Darkness Falls


A gruesome attack on the unsuspecting patrons of a New Bedford gay bar led to a nationwide manhunt and, ultimately, three deaths. But in retracing the killer’s steps it becomes clear how senseless the violence was—and how terrifying it remains for the survivors.


When the door to Puzzles Lounge swings open about a half hour before midnight, Phillip Daggett and Bob Perry stop talking. The shadowy figure in the entranceway commands their full attention. He is clad in baggy black jeans and a baggy black sweatshirt, and his hood is pulled up, shrouding much of his slightly bowed head. No one has ever seen him before. The stranger, little more than a silhouette, walks around to the right side of the bar. Daggett, the bartender, goes to greet him while Perry sips a cold Bud.

“Is this the gay bar?” the man asks. He’s about the same height as Daggett (5-foot-6), but thicker than the 26-year-old bartender. The stranger is about 200 pounds with a pudgy oval face. His eyes are hazel and not wholly unpleasant, though his gaze is vacant.

The question, even more than the man’s cloaked appearance, strikes Daggett as odd—asking if this is the gay bar. Daggett wonders if the guy is straight, if he wandered in here by accident. Or maybe he’s new to the scene and unsure of himself.

From across the room, Perry ponders the same thing. For a long while, even though he lives near New Bedford, Perry went out only in Boston or Providence, places where people wouldn’t recognize or remember his face. He’d known for some time he was gay, even if he couldn’t fully come out to the world. Or his family. Around Christmas, that had changed. The 53-year-old paramedic is a large man—205 pounds, about 6-foot-2, with a Fu Manchu mustache and brown, messy hair rimming his balding head—and he decided to stop hiding. He began hitting Puzzles, since it was close to home.

Despite the sign proclaiming it “the hottest nightclub in town,” Puzzles is more of a quiet, half-lit corner pub, a place where Perry and his pals can down beers and feel comfortable. The bar melts easily into New Bedford’s postindustrial landscape—iron bars guard the front door and windows. Above it are two levels of apartments wrapped in banana-yellow siding. Inside, the floor is a checkerboard of white and black tiles and the walls are painted lilac.
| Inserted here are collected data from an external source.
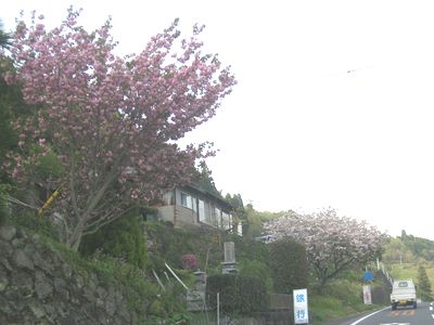 |  | 今日は、久住のお友達の家で、友の会の集まりです。 久し振りのことで、何だかうれしく友達に乗せていただいている車の中でもおしゃべりが弾みます。 山の道に入ると、ソメイヨシノも、ぼたん桜もまだまだきれいに咲いています。 |
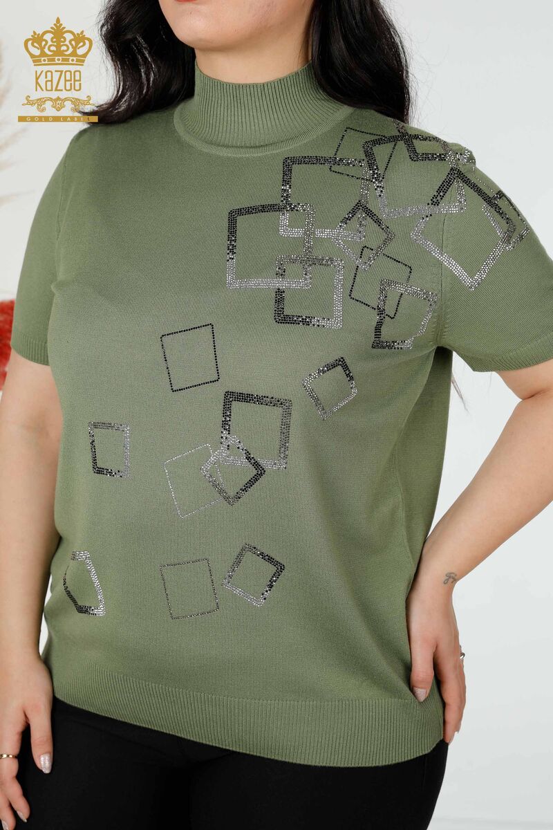 Женский трикотаж Воротник-стойка с вышивкой камнем цвета хаки - 16695 | КАЗЕЕ
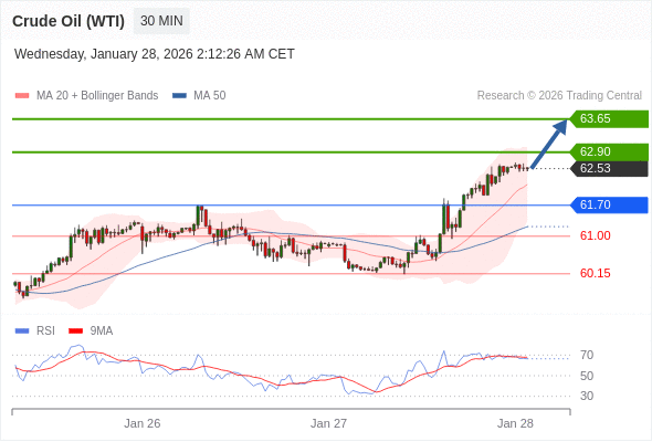 在 61.70 之上,看涨,目标价位为 62.90 ,然后为 63.65 。
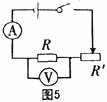 8.某同学在做伏安法测电阻的实验时,连接电路如图5所示,闭合开关后,发现电压表的指针有明显的偏转而电流表的指针几乎不动。调节滑动变阻器的滑片时,电压表的指针没有明显的变化,发生这种现象的原因可能是
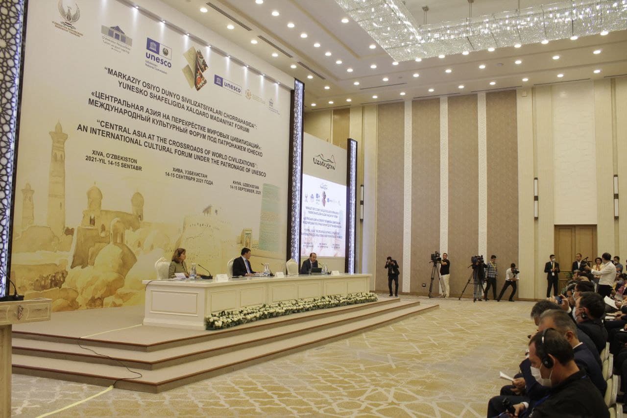 Давлатимиз раҳбари БМТ Бош Ассамблеясининг 75-сессиясида сўзлаган нутқида ЮНЕСКО билан ҳамкорликда 2021 йилда Хива шаҳрида «Марказий Осиё жаҳон цивилизациялари чорраҳасида» мавзусида халқаро форум ўтказиш ташаббусини илгари сурган эди. Бугун ушбу халқаро форум Хива шаҳрида янги барпо этилган “Фаровон” меҳмонхонасида ўз ишини бошлади. Ўзбекистон Республикаси Бош вазирининг ўринбосари Азиз Абдуҳакимов мамлакатимиз Президенти Шавкат Мирзиёевнинг форум иштирокчиларига табригини ўқиб эшиттирди.
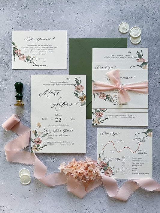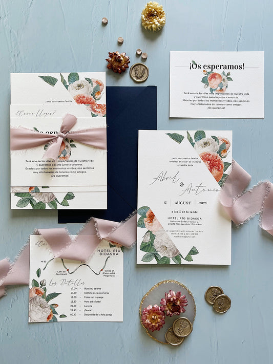 Las invitaciones de boda con flores son una opción hermosa y romántica para las parejas que quieren añadir un toque natural a sus invitaciones. Estas invitaciones suelen incluir elementos como flores naturales o diseños florales, y pueden ser hechas en colores cálidos como el rosa o el morado.
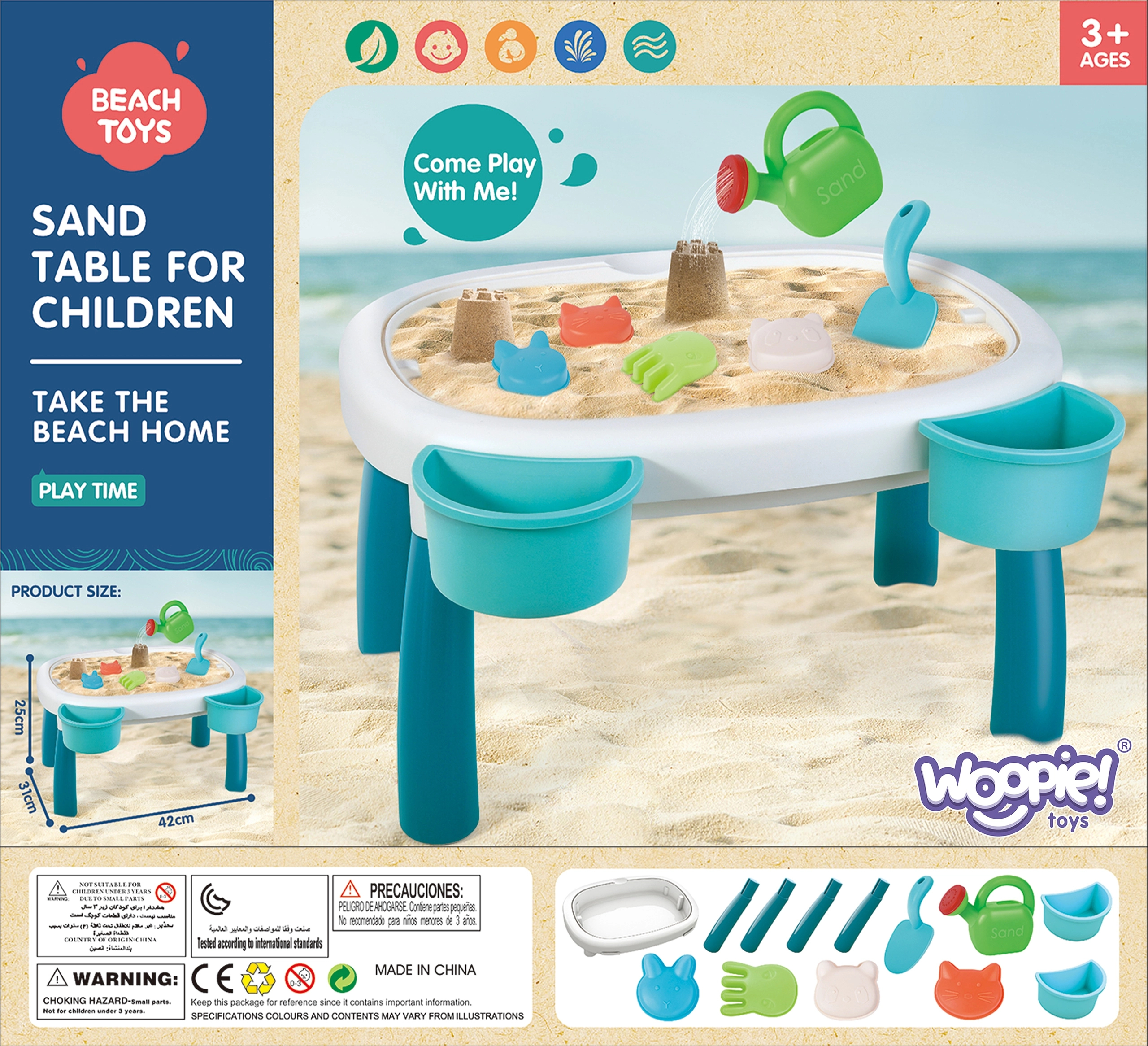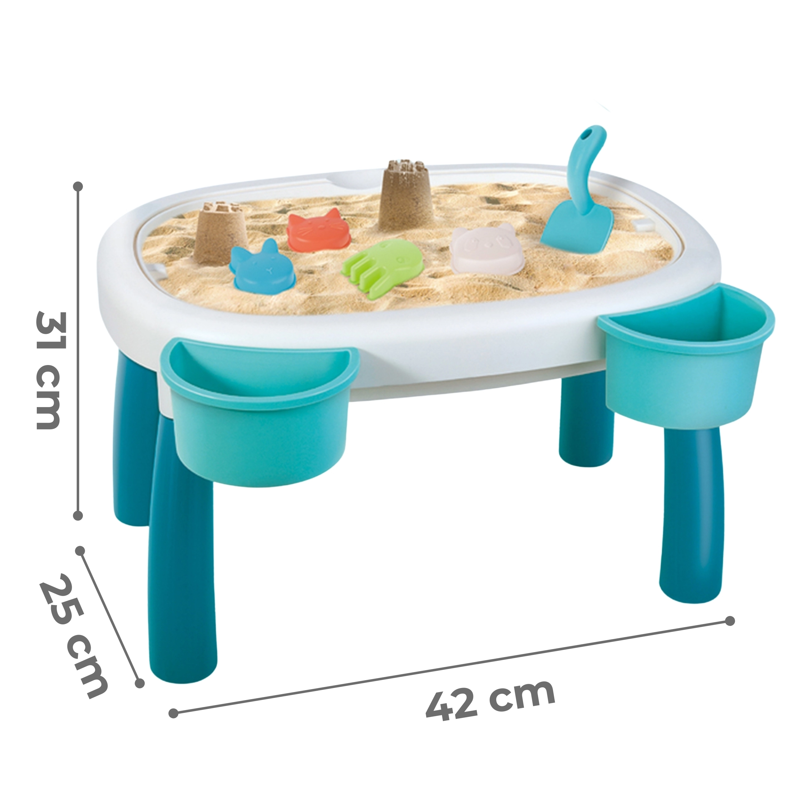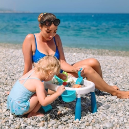 El paquete incluye 7 prácticos accesorios: regadera, pala, 4 moldes (erizo, gato, panda, conejito) y dos recipientes para la mesa. Gracias a ellos, los niños pueden crear construcciones de arena, trasvasar agua y desarrollar la creatividad y las habilidades manuales.
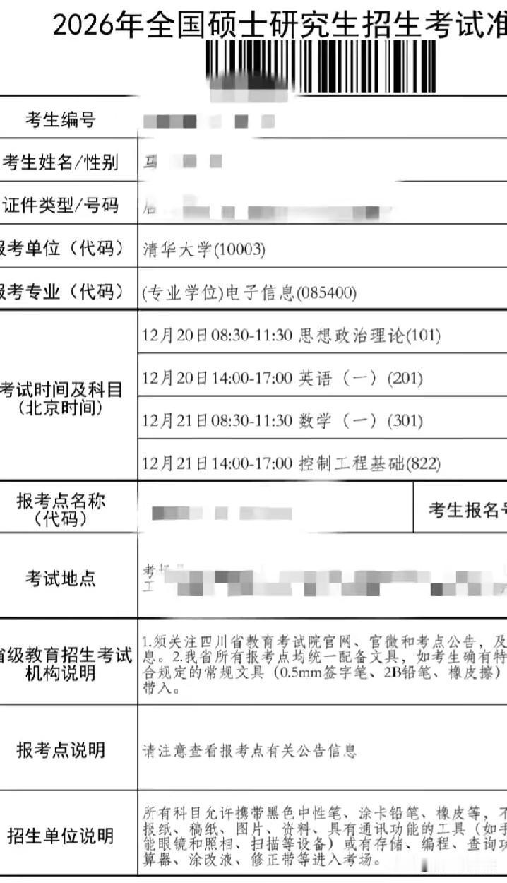 你的研究生考试准考证都打印了吗?看一下准考证注意事项,有一些事项还是要注意的哦! 准考证建议打印两张! 身份证和准考证建议考前检查三遍,注意检查三遍,检查三遍,检查三遍。重要的事情说三遍。 进考场前记得把自己的手机闹铃给关了哈,考到中间外面的手机闹铃响了,虽然别人不知道是你的,但是你自己心里肯定会很尴尬滴(过来人)。 但是不管它怎么响,你都不要管,中途跑出去了,那算违规哦 最后,祝大家金榜题名!
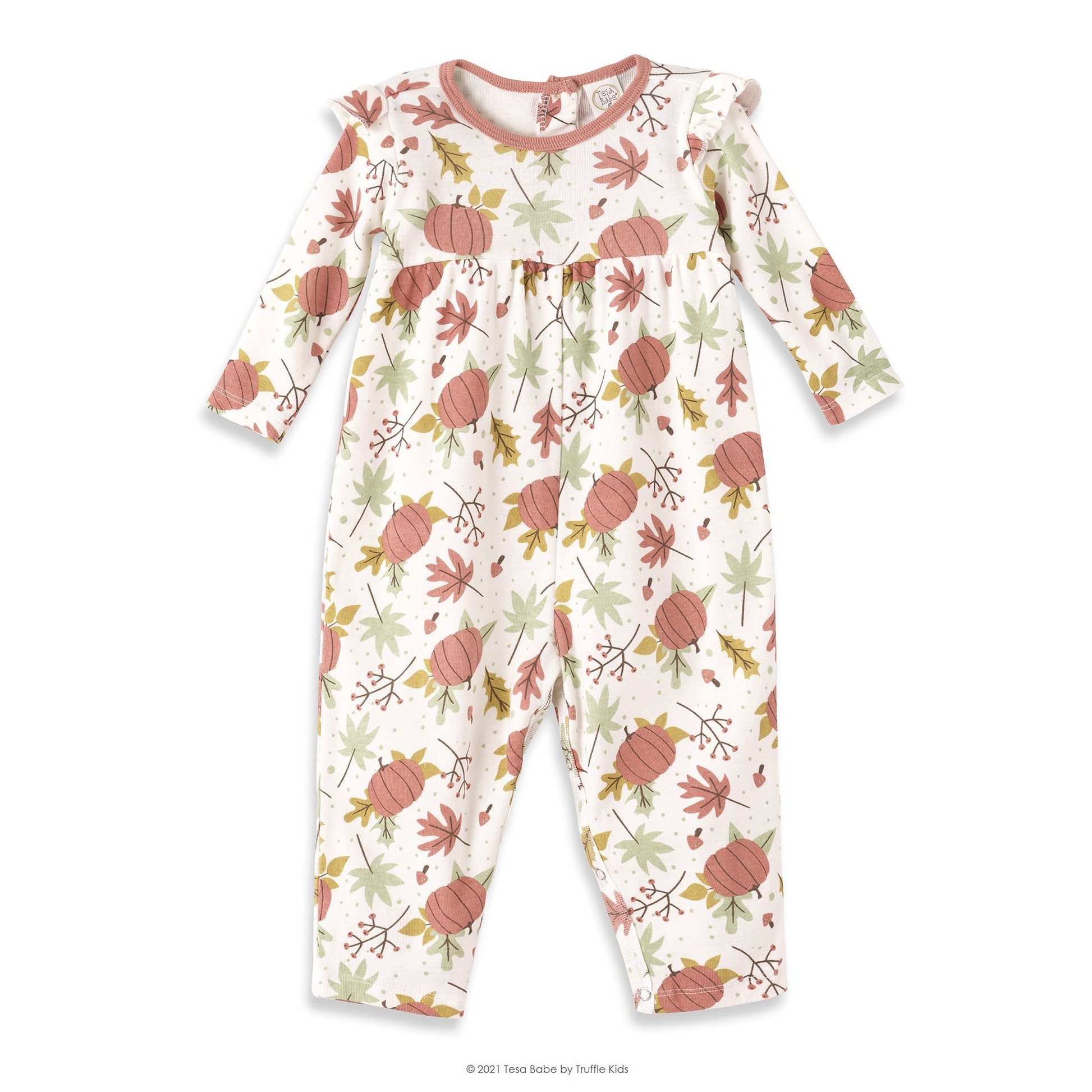 Fall Harvest Empire Waist Bubble Romper. Made of ultra-soft and stretchy bamboo/cotton. Bamboo is hypoallergenic, offers excellent ventilation and heat regulation, is sweat resistant and eco-friendly. Machine Wash Warm, Tumble Dry Low. 67% Bamboo, 28% Cotton, 5% Spandex. Optional headwear completes the outfit. Snaps at bottom and neck for easy on and off.
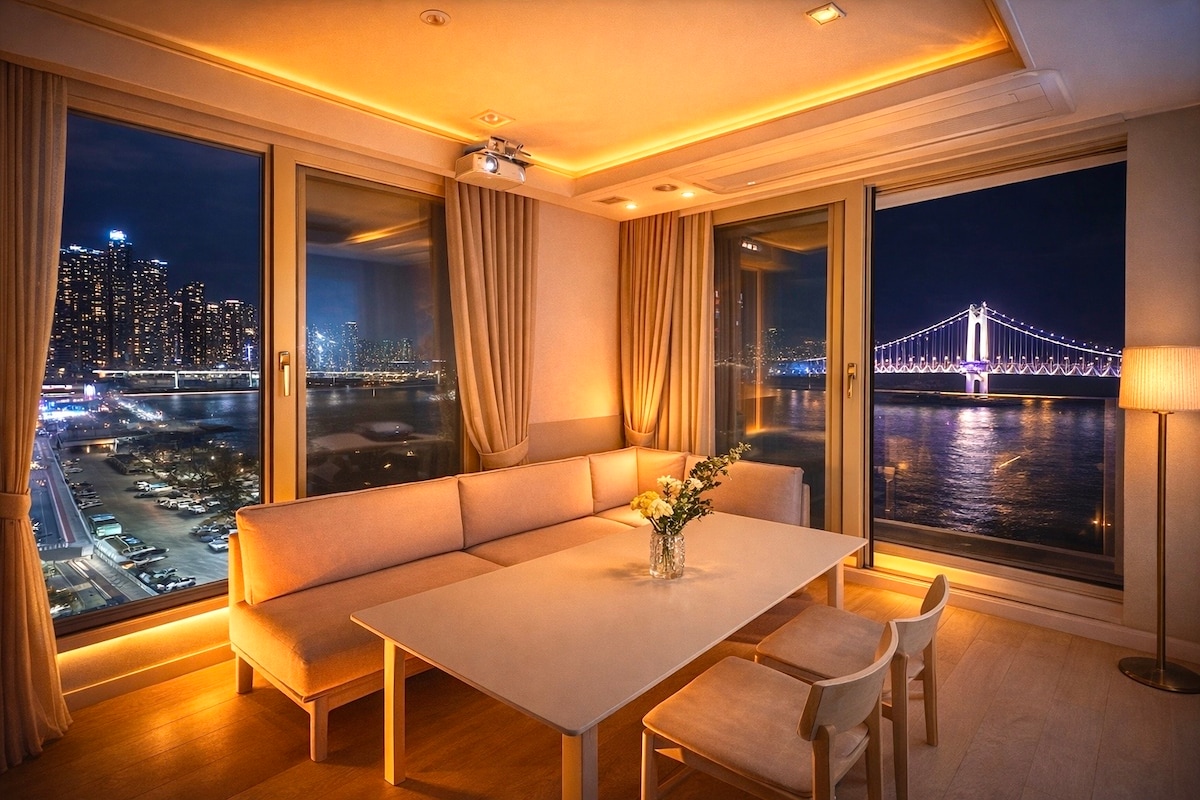 Κορυφαία καταλύματα / Θέα στον ωκεανό και τη γέφυρα Gwangan + θέα στην πόλη Haeundae / 3 δωμάτια (2 ευρύχωρα υπνοδωμάτια + σαλόνι) / 3 κρεβάτια queen size / δωρεάν πάρκινγκ / επίπεδο ξενοδοχείου 5 αστέρων

There is a rectangular bar, a pool table, and pinball and popcorn machines. It all feels cramped. But what Puzzles lacks in aesthetics, it makes up for in atmosphere. Earlier, when Perry walked in, Daggett greeted him by name. “Hey, Bob,” he cried out. It was the first time that ever happened to Perry at a bar. It made him smile.

That’s Puzzles. Almost everybody knows each other. Tonight, a random Wednesday in early February, there are maybe 20 people here. Only one—the man in the hoodie—is new to the joint.

“It’s one of the gay bars,” Daggett says, answering the stranger’s unusual question. “There’s another one called Le Place. The other bar is mixed. This one is mostly males.”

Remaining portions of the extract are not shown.